--- Prompt ---
Write every line below out again exactly, images omitted.

##### Material provided #####

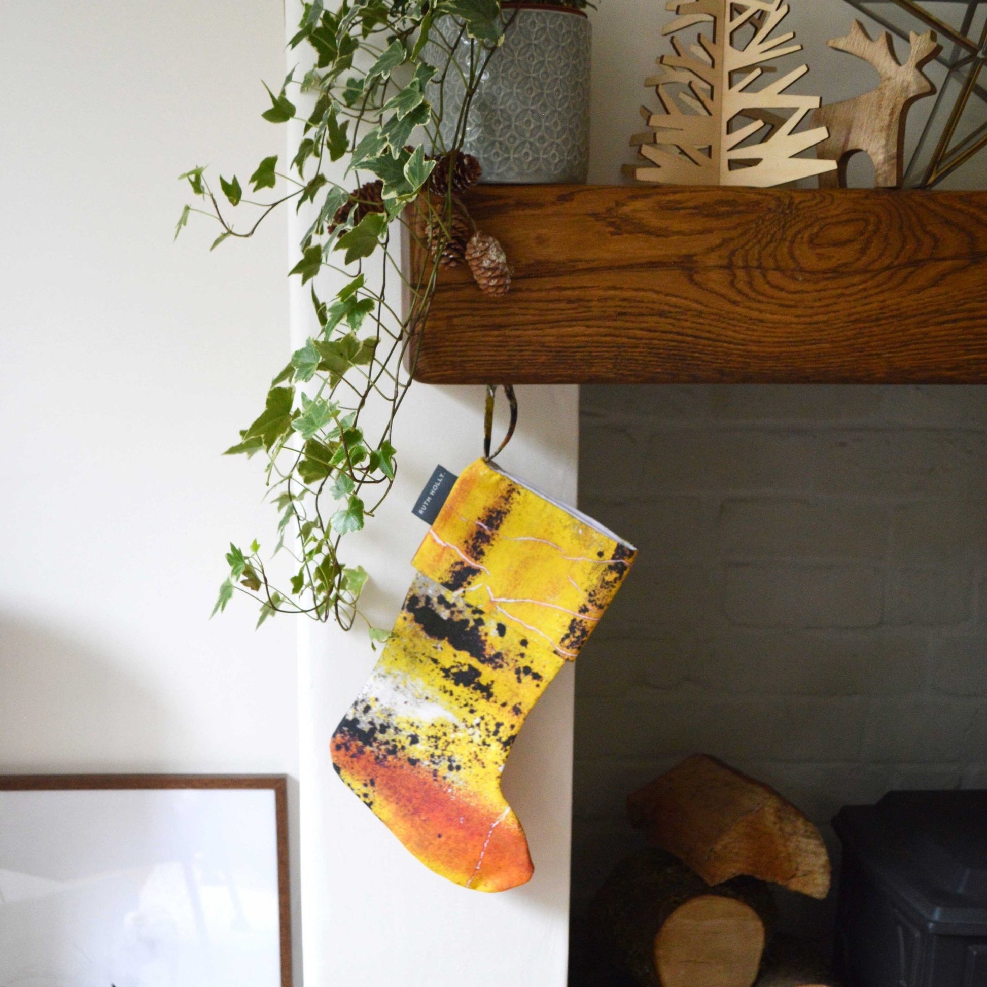 This stunning one-of-a-kind Handmade Christmas Stocking is named The Nomad Texture ‘Orange Toe’ as it has a flash of deep orange on the foot. Featuring rich yellow, golden ochre hues, and charcoal black details on both sides. Such a modern twist on a truly traditional keepsake, fun and fresh for the ultimate contemporary Christmas decor. Perfect to hang on the mantlepiece, or as a decorative festive accessory.
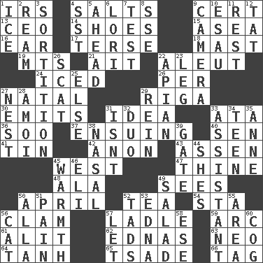 ACROSS 1. Big collection agency 4. Table seasonings 9. An absolute certainty 13. Corporate head (abbr.) 14. Imelda's hoard 15. At sea 16. Ewer handle 17. Laconic 18. Vertical spar for supporting sails 19. Mountains (abbr.) 21. Small island 22. Eskimo relative 24. On the rocks 26. For each 27. Brizilian seaport 29. Port city in Latvia 30. Gives off 31. It may be bright or harebrained 33. "One Day ___ Time" 36. "Barney Miller" actor Jack 37. Taking place subsequently 40. Elected rep. 41. Metal container 42. Soon (poet.) 43. NE Netherlands city 45. 270 degrees 47. One or ones belonging to thee 48. Chicken ___ king 49. Observes 50. Showery time 52. Afternoon social gathering 54. R.R. building 56. Dollar (slang) 57. Dipping utensil 59. Curve 61. Came down and settled, as after flight 62. Ferber et al. 63. Modern: prefix 64. Hyperbolic tangent 65. Sadhe (variant) 66. Label DOWN 1. Frozen water 2. 480, 500 or 516 sheets of paper 3. Drawing lots 4. Fast jet (abbr.) 5. Forward in time 6. Australian parrot (variant) 7. Trial 8. Compass dir. 9. Device for capturing images 10. He sold his birthright 11. Take ten 12. Make lace 20. Scram, to a cat 22. Bee-related 23. Part of a journey 25. Otherwise 27. Egg locale 28. Mine, in Marseilles 29. It's straight from the horse's mouth 31. Is not 32. Superhero pair 33. Helper 34. Adolescent 35. Singer Murray 38. Rhinal 39. Yard entry 44. "______ My Girl" (Turtles hit) 45. Heat 46. Connecticut Ivy Leaguer 49. Vegetable dish 50. Silent film actress Nazimova 51. Ache 52. Small amounts or degrees 53. Pulitzer Prize-winning author Ferber 55. Length times width 56. Domesticated feline 57. Allow 58. Compass dir. 60. Gear tooth
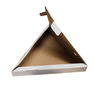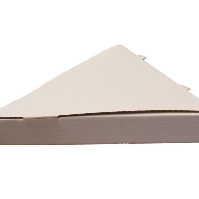 Caja para rebanada pizza de material microcorrugado, color blanco con medidas 26cmx26cmx24cm y 4cm de alto.
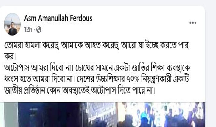 অটোপাসের দাবিতে হামলার শিকার জাতীয় বিশ্ববিদ্যালয়ের উপাচার্য অধ্যাপক এ এস এম আমানুল্লাহ জানিয়েছেন, শিক্ষার্থীরা যা ইচ্ছে করতে পারে কিন্তু কোনোভাবেই তাদের দাবি মেনে নেওয়া হবে না।
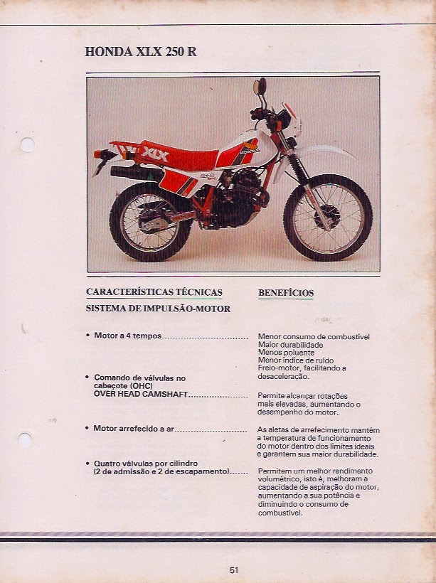 Dizem que o melhor sempre fica pro final, não é mesmo? Pois é, pro final desse catalogo que encontramos perdido, ficaram a XLX250R – a de 2 carburadores, e antes de terminar vamos ter ainda a que era recém lançada, a XL125S… nos próximos dias ela aparecerá… boa diversão a você, caro leitor com a XLX250R que, criticadas por muitos e amada por outros justamente por possuir carburador de corpo duplo. Em minha opinião, injustiçada, pois ela tinha um desempenho excepcional (quase acompanhando a XLX350R) e bastava uma boa regulagem pra garantir a diversão… como também dizem que tudo que é bom dura pouco, a festa do desempenho acabou rapidamente e as demais XLX que vieram nos anos seguintes, eram mais modestas em termos de desempenho…
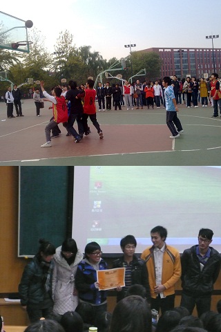 能文能武方是豪杰。在总结了前段时间的篮球比赛后,大会进入到总结上学年成绩的环节。团总支的学习委员做了精心的准备,伴随着内容充实,美观大方的ppt,总结了上学年我们2010级的整体学习情况,其中包括各班获得奖学金的人数、奖项、男女比例、各班平均分的排名等等,数据详实,图表清晰。最后,还进行了本年级各班创新项目申报情况的总结。有比较才会发现差距,这次的总结对大多数同学都有触动,激发出大家更加努力的尽头。

#####

--- Exercise output ---
 This stunning one-of-a-kind Handmade Christmas Stocking is named The Nomad Texture ‘Orange Toe’ as it has a flash of deep orange on the foot. Featuring rich yellow, golden ochre hues, and charcoal black details on both sides. Such a modern twist on a truly traditional keepsake, fun and fresh for the ultimate contemporary Christmas decor. Perfect to hang on the mantlepiece, or as a decorative festive accessory.
 ACROSS 1. Big collection agency 4. Table seasonings 9. An absolute certainty 13. Corporate head (abbr.) 14. Imelda's hoard 15. At sea 16. Ewer handle 17. Laconic 18. Vertical spar for supporting sails 19. Mountains (abbr.) 21. Small island 22. Eskimo relative 24. On the rocks 26. For each 27. Brizilian seaport 29. Port city in Latvia 30. Gives off 31. It may be bright or harebrained 33. "One Day ___ Time" 36. "Barney Miller" actor Jack 37. Taking place subsequently 40. Elected rep. 41. Metal container 42. Soon (poet.) 43. NE Netherlands city 45. 270 degrees 47. One or ones belonging to thee 48. Chicken ___ king 49. Observes 50. Showery time 52. Afternoon social gathering 54. R.R. building 56. Dollar (slang) 57. Dipping utensil 59. Curve 61. Came down and settled, as after flight 62. Ferber et al. 63. Modern: prefix 64. Hyperbolic tangent 65. Sadhe (variant) 66. Label DOWN 1. Frozen water 2. 480, 500 or 516 sheets of paper 3. Drawing lots 4. Fast jet (abbr.) 5. Forward in time 6. Australian parrot (variant) 7. Trial 8. Compass dir. 9. Device for capturing images 10. He sold his birthright 11. Take ten 12. Make lace 20. Scram, to a cat 22. Bee-related 23. Part of a journey 25. Otherwise 27. Egg locale 28. Mine, in Marseilles 29. It's straight from the horse's mouth 31. Is not 32. Superhero pair 33. Helper 34. Adolescent 35. Singer Murray 38. Rhinal 39. Yard entry 44. "______ My Girl" (Turtles hit) 45. Heat 46. Connecticut Ivy Leaguer 49. Vegetable dish 50. Silent film actress Nazimova 51. Ache 52. Small amounts or degrees 53. Pulitzer Prize-winning author Ferber 55. Length times width 56. Domesticated feline 57. Allow 58. Compass dir. 60. Gear tooth
 Caja para rebanada pizza de material microcorrugado, color blanco con medidas 26cmx26cmx24cm y 4cm de alto.
 অটোপাসের দাবিতে হামলার শিকার জাতীয় বিশ্ববিদ্যালয়ের উপাচার্য অধ্যাপক এ এস এম আমানুল্লাহ জানিয়েছেন, শিক্ষার্থীরা যা ইচ্ছে করতে পারে কিন্তু কোনোভাবেই তাদের দাবি মেনে নেওয়া হবে না।
 Dizem que o melhor sempre fica pro final, não é mesmo? Pois é, pro final desse catalogo que encontramos perdido, ficaram a XLX250R – a de 2 carburadores, e antes de terminar vamos ter ainda a que era recém lançada, a XL125S… nos próximos dias ela aparecerá… boa diversão a você, caro leitor com a XLX250R que, criticadas por muitos e amada por outros justamente por possuir carburador de corpo duplo. Em minha opinião, injustiçada, pois ela tinha um desempenho excepcional (quase acompanhando a XLX350R) e bastava uma boa regulagem pra garantir a diversão… como também dizem que tudo que é bom dura pouco, a festa do desempenho acabou rapidamente e as demais XLX que vieram nos anos seguintes, eram mais modestas em termos de desempenho…
 能文能武方是豪杰。在总结了前段时间的篮球比赛后,大会进入到总结上学年成绩的环节。团总支的学习委员做了精心的准备,伴随着内容充实,美观大方的ppt,总结了上学年我们2010级的整体学习情况,其中包括各班获得奖学金的人数、奖项、男女比例、各班平均分的排名等等,数据详实,图表清晰。最后,还进行了本年级各班创新项目申报情况的总结。有比较才会发现差距,这次的总结对大多数同学都有触动,激发出大家更加努力的尽头。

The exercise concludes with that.